I LOVVVVE Avery! I wanted to use it if we have a boy, but then I got worried maybe it'd be too popular of a girls name by that point!


----------



## SarahDiener

Just think (I know it's not his first name...) Avery from Greys Anatomy ;)


----------



## MrsBurton09

I have never heard of Avery being a boys name..it is a girls name where I am from I suppose idk. If this was a girl we agreed on ava lynn to go with aubree leeanna. :) but we got a boy which I am totally excited about just picking a name for him is getting too me.

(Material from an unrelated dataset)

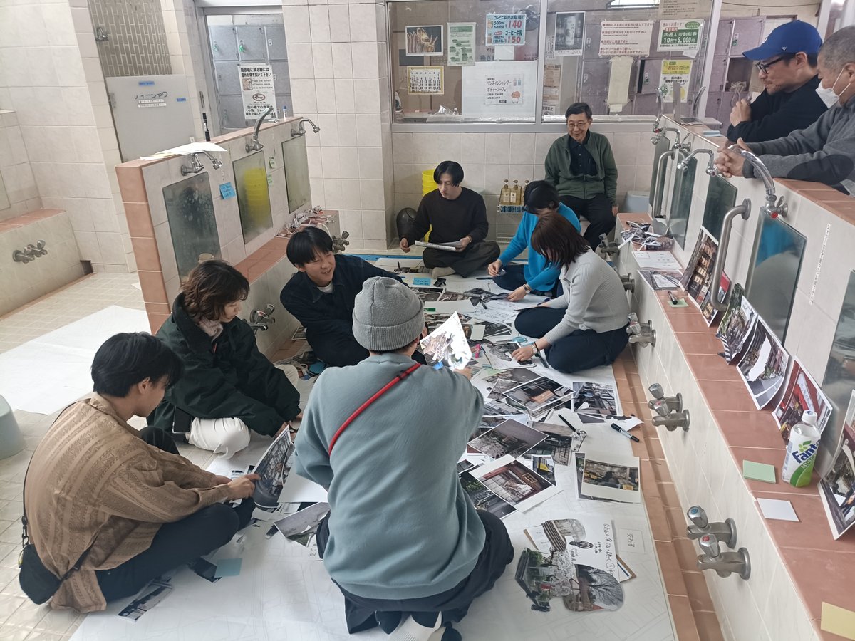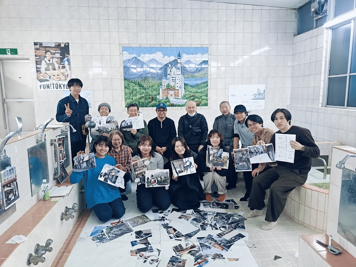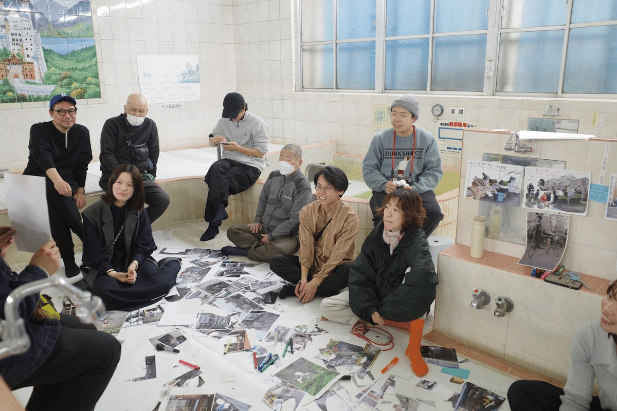 2025年3月31日、田端銀座商店街の銭湯「松の湯」にてTokyo Futurescape Studio #01 「暗渠商店街×風景コラージュ」を開催しました。建築系の学生や地元の方々など合計約20名が参加し、銭湯に地図と写真を広げながら、コラージュで未来の風景を制作していきました。

We first agreed on Elijah James but now I just want more options.


----------



## Miaw

What about Rohan? or Elros? They are fantasy names, and while others have names their little boy like that there definitely not many of them around.


----------



## kbf48

my brother is called Brodie Ethan! its your baby who cares what anyone else says! i love the name Elijah!


----------



## lilylock

I like James the best of the two


----------



## MrsBurton09

lilylock said:


> I like James the best of the two

Thanks James is the middle name. We need a first name but can not agree on anything. :nope:


----------



## try4girl2

MrsBurton09 said:


> I have posted about needing help with a name before. I got a good list of names from several ppl but still no name that rly does it for me. I am getting so annoyed to the point of crying..
> 
> This is what we have even though I don't wanna pick either of these names.
> 
> Elijah James Burton
> or
> James Branham Burton Jr. (p.s. I hate jr. names but my husband rly wants the baby to be named after him.)
> 
> I need more options. Bc I am not going to settle with just a name that I don't care for. I don't like any of the ayden type names and names that end with on bc it doesn't go well with our last name. Please I like new fun modern names. I picked Brody James but everyone says absolutely not and if I did name my son that they would call him something else.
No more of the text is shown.